Records supplied:
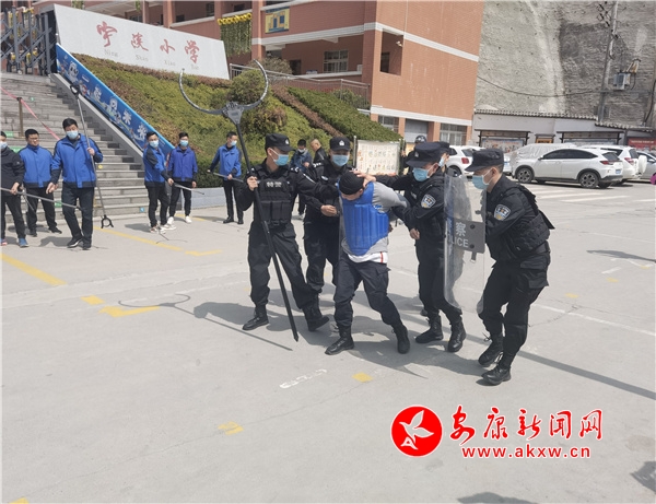 演練開始,下午1點(diǎn)30分,入校音樂響起,兩名校警、家長護(hù)衛(wèi)隊(duì)、值班老師站在校門口執(zhí)勤,大部分學(xué)生已進(jìn)入校園,還有十幾名學(xué)生正在排隊(duì)等待入校。此時(shí),在學(xué)校旁邊閱讀吧門口徘徊的一名身份不明的“歹徒”突然舉著砍刀沖向校門口,企圖闖入校園,值班校警見狀立即啟動一鍵式報(bào)警向公安部門求助,值班老師快速做出反應(yīng),拉響學(xué)校警報(bào),關(guān)閉伸縮門,組織未入校的學(xué)生趕往緊急避難場地躲避。同時(shí),校警和值班老師手持器械,在校門口對“歹徒”進(jìn)行阻擊,拖延時(shí)間。
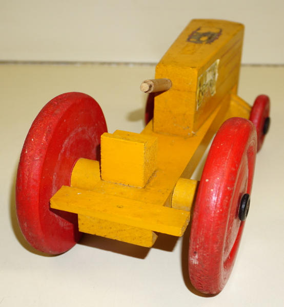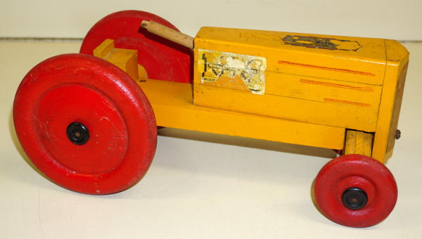 12" long, different style tractor than the previous lot, has an old dealer decal on the hood from Burlington, IA, no steering wheel, decals are about 60% condition, but paint is nice, hard to find toy produced during the war years
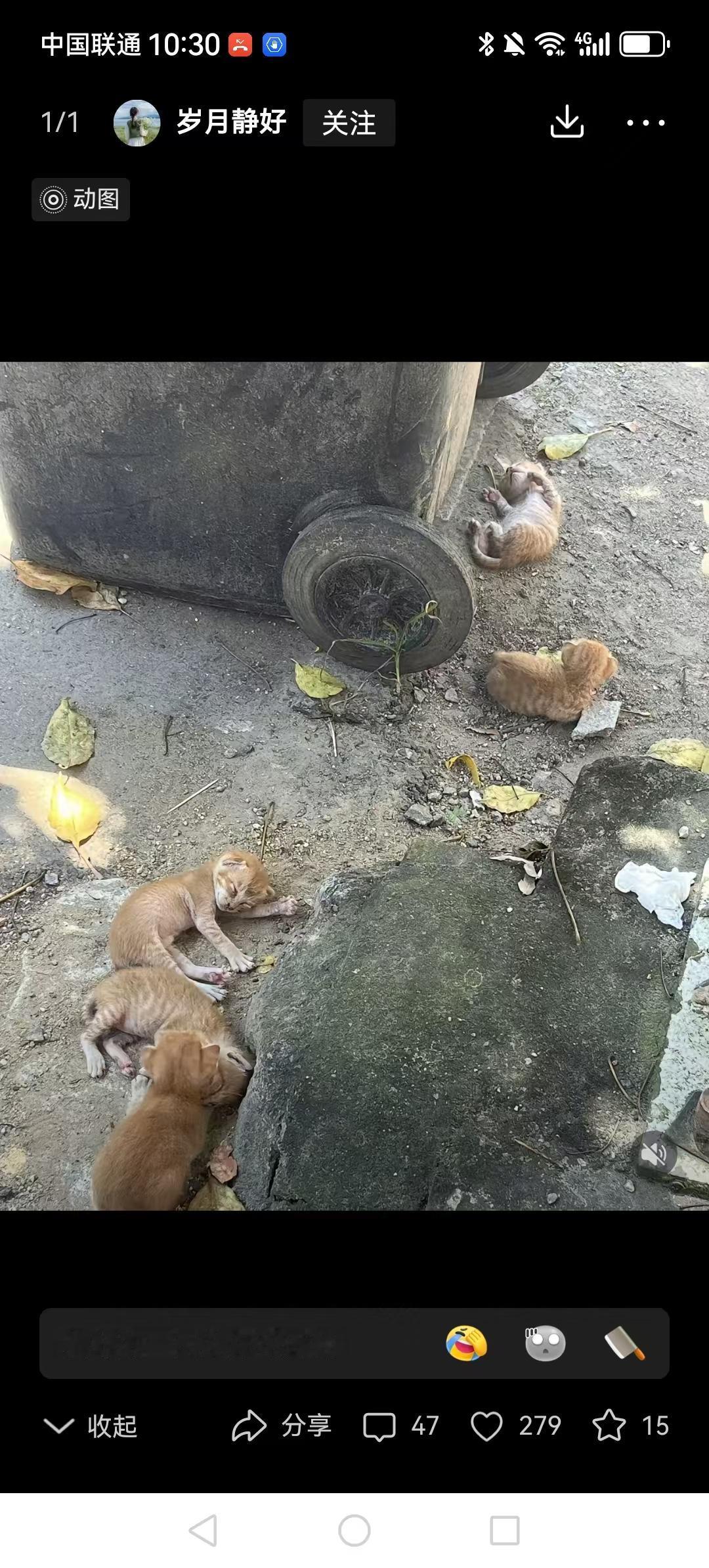 出门看到这一幕,好心寒。我前阵子刚收了四只,现在应该两个月大啦,以后就在车库里生活,很暖和,母的就绝育! 可怜的小猫,愿被好心人善待收养。这么冷的天气,这么小的小生灵,怎么忍心。 有的人就只是养,但不会带去结扎,小猫随处丢,真缺德。 这种小猫咪可以先放到家里养着,给它们找领养! 应该对流浪猫和家猫,控制繁育,做负责的养猫人。 最最痛恨弃养动物的人,贫穷不是你的原罪,内心歹毒就不可原谅了,弃养者与虐杀者同类!
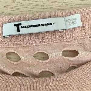 T Alexander Wang Fitted Tank Dress In Light Blush Pink combines urban design with feminine appeal in a stretchy, body-hugging midi with perforated mesh-like overlay showing subtle peeks of skin in a casual, yet totally polished style. Self: 64% poly 33% viscose 3% elastane Contrast: 65% poly 35% viscose. Dry clean. Approx measurements laying flat: chest - 15.5”, length - 44”. Gently worn with no holes or stains
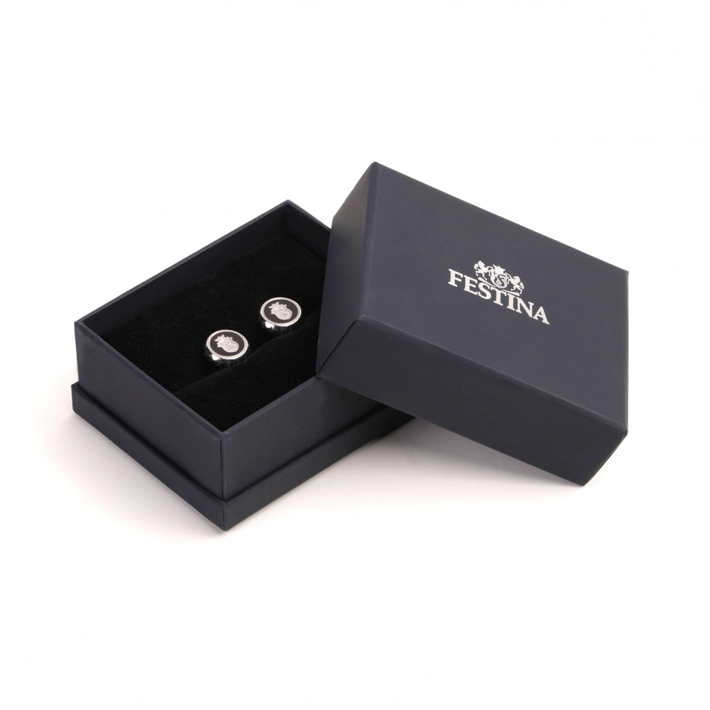 Запонки "Chronobike" вдохновлены культовой кнопкой остановки часов Festina и украшены фирменным гербом. Они изготовлены из нержавеющей стали. Эта блестящая хромированная версия, отделанная черной эмалью, - вечная классика.

Work order: The reply should reproduce every entry above word for word and contain no pictures.

Your solution:
 演練開始,下午1點(diǎn)30分,入校音樂響起,兩名校警、家長護(hù)衛(wèi)隊(duì)、值班老師站在校門口執(zhí)勤,大部分學(xué)生已進(jìn)入校園,還有十幾名學(xué)生正在排隊(duì)等待入校。此時(shí),在學(xué)校旁邊閱讀吧門口徘徊的一名身份不明的“歹徒”突然舉著砍刀沖向校門口,企圖闖入校園,值班校警見狀立即啟動一鍵式報(bào)警向公安部門求助,值班老師快速做出反應(yīng),拉響學(xué)校警報(bào),關(guān)閉伸縮門,組織未入校的學(xué)生趕往緊急避難場地躲避。同時(shí),校警和值班老師手持器械,在校門口對“歹徒”進(jìn)行阻擊,拖延時(shí)間。
 12" long, different style tractor than the previous lot, has an old dealer decal on the hood from Burlington, IA, no steering wheel, decals are about 60% condition, but paint is nice, hard to find toy produced during the war years
 出门看到这一幕,好心寒。我前阵子刚收了四只,现在应该两个月大啦,以后就在车库里生活,很暖和,母的就绝育! 可怜的小猫,愿被好心人善待收养。这么冷的天气,这么小的小生灵,怎么忍心。 有的人就只是养,但不会带去结扎,小猫随处丢,真缺德。 这种小猫咪可以先放到家里养着,给它们找领养! 应该对流浪猫和家猫,控制繁育,做负责的养猫人。 最最痛恨弃养动物的人,贫穷不是你的原罪,内心歹毒就不可原谅了,弃养者与虐杀者同类!
 T Alexander Wang Fitted Tank Dress In Light Blush Pink combines urban design with feminine appeal in a stretchy, body-hugging midi with perforated mesh-like overlay showing subtle peeks of skin in a casual, yet totally polished style. Self: 64% poly 33% viscose 3% elastane Contrast: 65% poly 35% viscose. Dry clean. Approx measurements laying flat: chest - 15.5”, length - 44”. Gently worn with no holes or stains
 Запонки "Chronobike" вдохновлены культовой кнопкой остановки часов Festina и украшены фирменным гербом. Они изготовлены из нержавеющей стали. Эта блестящая хромированная версия, отделанная черной эмалью, - вечная классика.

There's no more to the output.